C. Property inherited from collaterals or from females
D. Share allotted on partition
E. Property obtained by gift or will from a paternal ancestor
Each of these is discussed below.
A. Property inherited from a paternal ancestor:
Property inherited by a male Hindu from his father, father’s father, or father’s father’s father, is ancestral property. The children, grandchildren and great-grandchildren of the person inheriting such property acquire an interest in it by birth.
Thus, the term ancestral property is confined to property descending to the father from his male ancestor in the male line, and it is only in that property that the sons (and now, the daughters) acquire an interest jointly with, and equal to that of, their father. (Venkateswarlu v. Chinna Raghavalu, 1955 Andhra W.R. 39). Property inherited from other relatives would, therefore, not be ancestral property.
Thus, if X inherits property from his father’s father, it is ancestral property as regards his issues. If X has no son or daughter when he inherits such property, he holds the property as the absolute owner thereof, and he can deal with the property in any manner he may choose to. If, however, such a person comes into existence subsequently, he becomes (or she) entitled to an interest in such property by the mere fact of his (or her) birth, and X cannot claim to hold the property as an absolute owner; nor can he deal with it as he likes.
B. Property inherited from a maternal grand-father:
The principle of Hindu Law governing property inherited from a maternal grand-father is reflected in the following two decisions of the Privy Council.
In Venkayyamma vs. Venkataramanyamma (1905 25 Mad. 678), two brothers, who were living as a joint family, inherited some property from their material grand-father. When one of them died, leaving a widow, the question arose as to whether his share in the property passed to his widow by succession or to his brother by survivorship. The Privy Council held that the property which the brothers had inherited was joint property in their hands, and that the undivided interest of the deceased passed, on his death, to his brother by survivorship, and not to the widow.
However, in a later decision (Mohammad Hussain Khan vs. Babu Kishya Nandan Sahai, 1937 64 I.A. 250), the Privy Council reversed its earlier ruling, and held that such property is not ancestral property. The effect of this decision is that property inherited by a daughter’s son from his maternal grand-father is not ancestral property in his hands, but is his separate property.

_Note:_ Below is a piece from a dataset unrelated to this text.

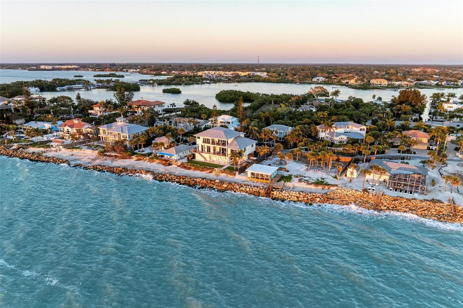 Situada ao longo das margens imaculadas de Casey Key, esta luxuosa residência otimiza a vida costeira no seu melhor. Com vistas panorâmicas deslumbrantes do Golfo do México, esta casa de 4 quartos, 4,5 banheiros e piscina com banheiro completo é uma obra-prima de design arquitetônico e conforto opulento. Ao entrar, os hóspedes são recebidos por um elegante hall de entrada que leva a uma espaçosa área de estar adornada com janelas do chão ao teto e varanda, permitindo que a luz natural caia em cascata por todo o espaço e oferecendo vistas ininterruptas das águas azul-turquesa. O layout de conceito aberto conecta perfeitamente a sala de estar, a área de jantar e a cozinha gourmet, criando um ambiente ideal para entretenimento ou simplesmente desfrutar de noites tranquilas com seus entes queridos. A cozinha é o sonho de qualquer chef, com eletrodomésticos de última geração, armários personalizados e uma ilha central com assentos de bar. Ao lado da cozinha está uma área de jantar inclusiva, perfeita para desfrutar do café da manhã enquanto aprecia as vistas deslumbrantes ou recebe convidados para jantares. Para maior comodidade, um elevador proporciona fácil acesso a todos os níveis da casa, garantindo acessibilidade para moradores e hóspedes. A suíte master, localizada no andar principal, é um santuário por si só, completa com um banheiro tipo spa com box amplo, pia dupla e closet. Com janelas panorâmicas do chão ao teto, é fácil acordar com as vistas serenas com persianas remotas para relaxamento e descanso ideais. No segundo andar, você descobrirá três suítes adicionais, cada uma oferecendo refúgios serenos. Uma suíte pode ser uma segunda suíte master com banheira de imersão, pia dupla, box amplo e closet que proporcionam uma fuga privada das amplas vistas do litoral. Adjacente a estes quartos, encontra-se uma sala familiar, ideal para acolher reuniões ou relaxar com conforto. Saia para a ampla varanda e mergulhe na melodia suave das ondas quebrando na costa, melhorando a atmosfera de relaxamento e tranquilidade. O amplo espaço ao ar livre é um paraíso para o entretenimento, com uma piscina aquecida de água salgada e spa com vista para o Golfo, um espaçoso deck para banhos de sol e um putting green para os entusiastas do golfe. A cozinha externa na área da piscina e no nível principal facilita o entretenimento em ambas as áreas observando o premiado pôr do sol de Casey Key. A sala da piscina com lava-louças, pia, máquina de fazer gelo e geladeira, além de banheiro completo, faz com que a diversão na piscina ou na praia seja facilmente limpa e não rastreada pela casa principal. Folha completa de recursos anexada, pois as atualizações são infinitas! Com sua localização incomparável, comodidades luxuosas e vistas incomparáveis, esta residência em Casey Key oferece uma rara oportunidade de experimentar a vida costeira no seu melhor. Quer seja como residência a tempo inteiro ou como retiro de férias, esta magnífica casa irá certamente superar as expectativas dos compradores mais exigentes.

C. Property inherited from collaterals or from females:
As seen above, the only property that can be called ancestral property is that which has been inherited by a person from his father, father’s father, or father’s father’s father. Therefore, property inherited by a person from his collaterals, such as brother, uncle, etc., or property inherited by him from a female, e.g., his mother, will be his separate property.

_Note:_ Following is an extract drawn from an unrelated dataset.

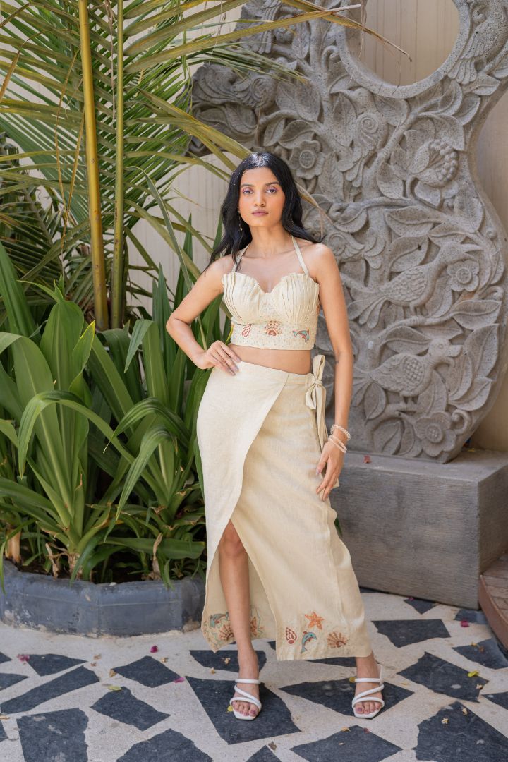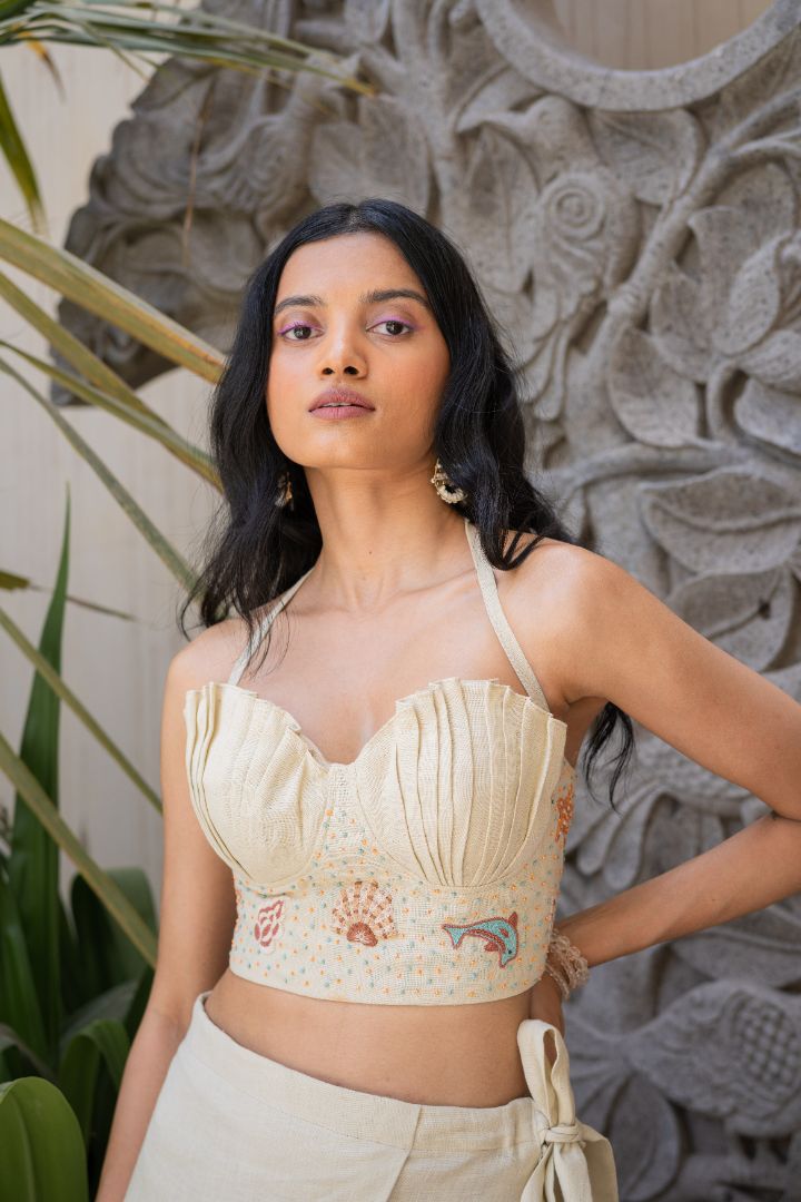 Step into summer with effortless elegance in this shell-inspired top from Orange at Eight. Crafted in pure linen fabric, this premium vacation wear essential features a sculpted sweetheart neckline and structured pleated bust that enhances the silhouette while ensuring breathable comfort.

D. Share allotted on a partition:
The share obtained by a coparcener on a partition of ancestral property is ancestral property as regards his issues. They take an interest in it by birth, whether they are in existence at the time of the partition or are born subsequently, 4s regards other relatives, however, such a share is separate property. So, if the coparcener dies without leaving any issue, it will pass to his heirs by succession.
E. Property obtained by gift or will from a paternal ancestor:
Where a Hindu makes a gift of his self-acquired or separate property to his son, or bequeaths it to him under a will, the question that arises is whether such property is the separate property of the son, or whether it is ancestral in his hands as regards his (his son’s) male issues.

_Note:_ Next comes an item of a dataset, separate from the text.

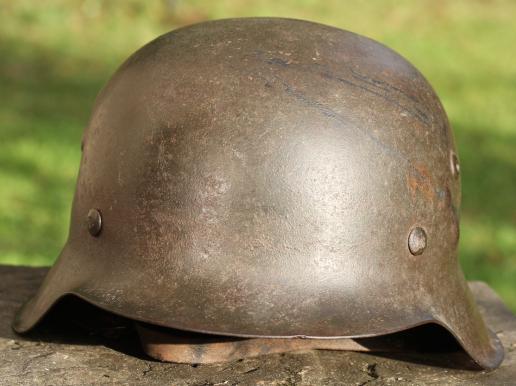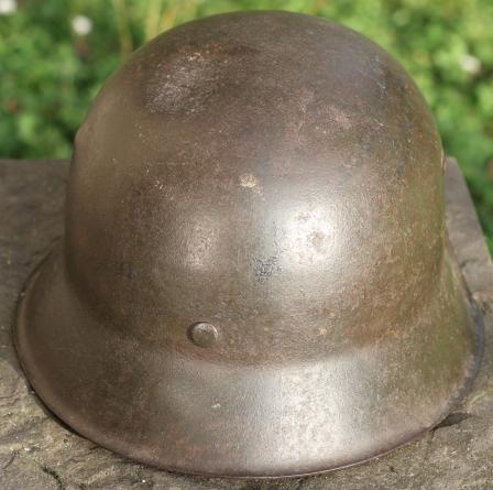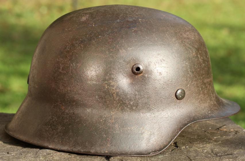 Good complete battle field pick up combat helmet. Small calibre bullet strikes which have come from the inside and have impacted on the shell with resulting outward dents, most likely from a pistol. Corresponding holes to liner. Also another bullet strike to the outside below the right air vent. Evidence of blood in the liner.
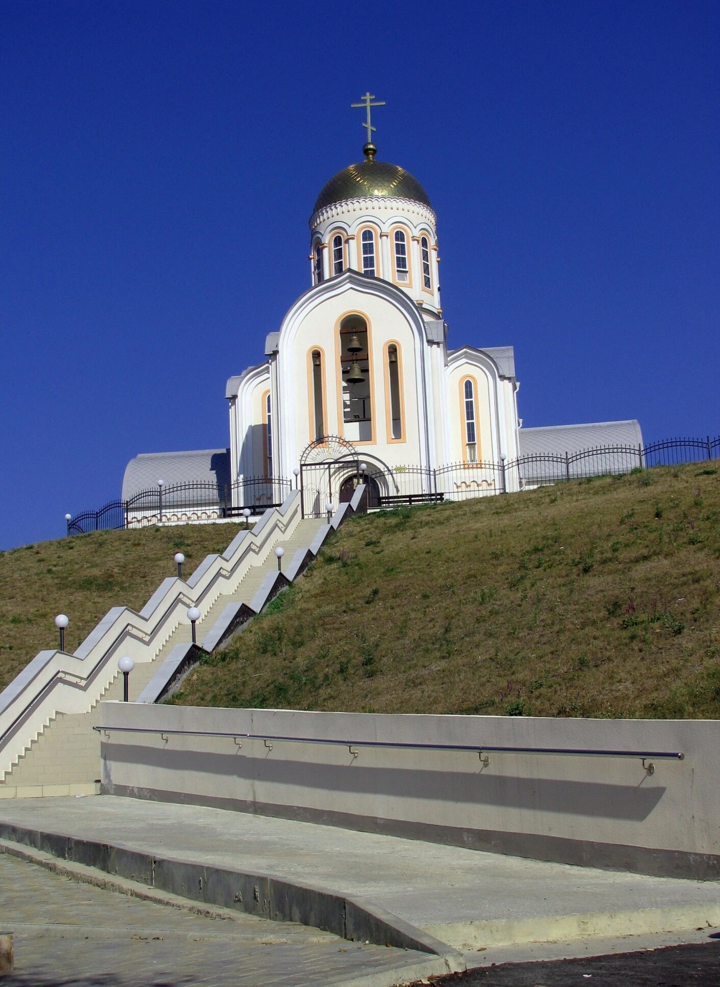 Фасадная стена, уходящая вверх за пределами кадра, окрашена в светлый, тёплый оттенок. В ней расположено окно, защищённое металлической решёткой. Окружающий храм мир представлен элементами городского пейзажа: бетонным тротуаром, дорогой, а вдали — зеленью деревьев и крышами других строений. Дорожный знак на столбе указывает на современный контекст, в котором существует этот памятник церковной архитектуры.

This question had been differently answered by the different High Courts, with the result that there was a considerable diversity of judicial opinion on this subject. However, the Supreme Court has now expressed its view on this point in Arunachala Mudalier v. Muruganatha (1954 S.C.R. 243).
The Court observed, in that case, that it is not possible to hold that such property must necessarily and under all circumstances, rank as ancestral property in the hands of the donee (or legatee). Rather, it must be seen whether the donor intended that the donee should take it exclusively for himself or that the gift would be for the branch of the family.
This decision of the Supreme Court thus makes it clear that there is no presumption either way; it is a question of fact in each case, to be decided after considering all the circumstances of the case.
Accumulations and accretions of income of ancestral property are ancestral property. (Ramanna v. Venkata, 1888 11 Mad. 246) So also, property purchased or acquired out of the income or with the assistance of ancestral property, would be ancestral property. (Lal Bahadur v. Kanhia Lal, 1907 29 All. 244). The same can be said as regards property purchased out of the sale proceeds of ancestral property or obtained in lieu of such property.
It may also be noted that children, grandchildren and great grandchildren acquire a vested interest, not only in the income and accretions of ancestral property which accrued after their birth, but also in that which accrued before their birth.